Sentino obija się o uszy każdego fana rapu, nawet tego przyziemnego, który nie zawsze przegląda aktualne wydarzenia polskiej sceny. Sebastian może pochwalić się niebywałym rekordem jak na naszą rapgrę. Raper wydał w tym roku cztery albumu, z czego jeden niemieckojęzyczny. Polskie krążki to pełnoprawne single, więc nie znajdziemy na nich gościnnego udziału kogokolwiek. Przeciwieństwem ma stać się „Aporofobia”. Na koniec 2021 roku, Sentino chce puścić w świat piąty album – „Aporofobie”. Płyta była zapowiadana na październik, jednak jej obecności wciąż brak. Niemniej Sentino lubi zadbać o dobry marketing i skuteczny pijar swoich projektów. Tutaj jest podobnie.

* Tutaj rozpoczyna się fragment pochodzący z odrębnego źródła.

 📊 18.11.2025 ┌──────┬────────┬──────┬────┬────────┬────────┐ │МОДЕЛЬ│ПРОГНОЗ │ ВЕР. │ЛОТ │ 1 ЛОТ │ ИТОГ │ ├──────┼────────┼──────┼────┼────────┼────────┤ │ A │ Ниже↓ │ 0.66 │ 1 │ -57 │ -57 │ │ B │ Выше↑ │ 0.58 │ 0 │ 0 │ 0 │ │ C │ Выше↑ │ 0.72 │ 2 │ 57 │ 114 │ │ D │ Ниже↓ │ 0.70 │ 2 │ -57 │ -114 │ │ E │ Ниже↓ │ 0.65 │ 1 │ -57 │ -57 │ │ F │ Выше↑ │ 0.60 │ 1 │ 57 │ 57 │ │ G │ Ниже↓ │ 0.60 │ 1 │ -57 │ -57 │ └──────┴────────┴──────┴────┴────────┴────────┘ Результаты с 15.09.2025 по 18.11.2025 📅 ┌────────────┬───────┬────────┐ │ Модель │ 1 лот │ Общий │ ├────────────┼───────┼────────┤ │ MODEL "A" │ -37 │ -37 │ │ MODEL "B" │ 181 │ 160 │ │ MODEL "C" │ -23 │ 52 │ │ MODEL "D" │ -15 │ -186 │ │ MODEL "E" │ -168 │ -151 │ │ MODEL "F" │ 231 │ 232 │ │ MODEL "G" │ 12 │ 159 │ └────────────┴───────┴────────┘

Tylko jeden raper może stanąć naprzeciw Sentino
ZOBACZ TAKŻE: ILE SENTINO WYDAJE NA AIR FORCE’Y, SKORO SĄ „TO BUTY NA RAZ”?
Konflikt Sebastiana z Malikiem Montaną trwa w naszych głowach cały czas, pomimo złagodzenia wzajemnych stosunków między obydwoma artystami. Założyciel GM2L nie przepada za wypowiadaniem się opinii publicznej w tej sprawie, ale jedno musi zaakceptować. Nie zmieni zdania Alvareza, który uważa go za swojego największego konkurenta.

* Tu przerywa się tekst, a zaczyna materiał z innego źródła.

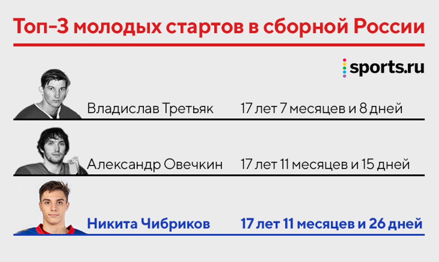 Самый молодой старт в истории сборной – у Владислава Третьяка. Второй человек в этом списке – Александр Овечкин. Третьим стал нападающий Никита Чибриков: в момент матча с Финляндией ему было 17 лет 11 месяцев и 26 дней.

„Tak jak od początku mówiłem jedyną konkurencją, którą ja widzę osobiście to jest Malik. To będzie moja wieczna konkurencja, to będzie zawsze jak McGregor z Mayweatherem, to będzie zawsze jak McGregor z Chabibem, to zawsze będzie to, ale niech to zawsze będzie po prostu zdrowa konkurencja i niech to zawsze będzie k*rwa muzyczna konkurencja.” – przyznaje Sebastian.
„Niedługo wszyscy się przekonają do tego, kto jest numer jeden w polskim rapie.” – zapowiada Sentino podczas jednej z transmisji na żywo.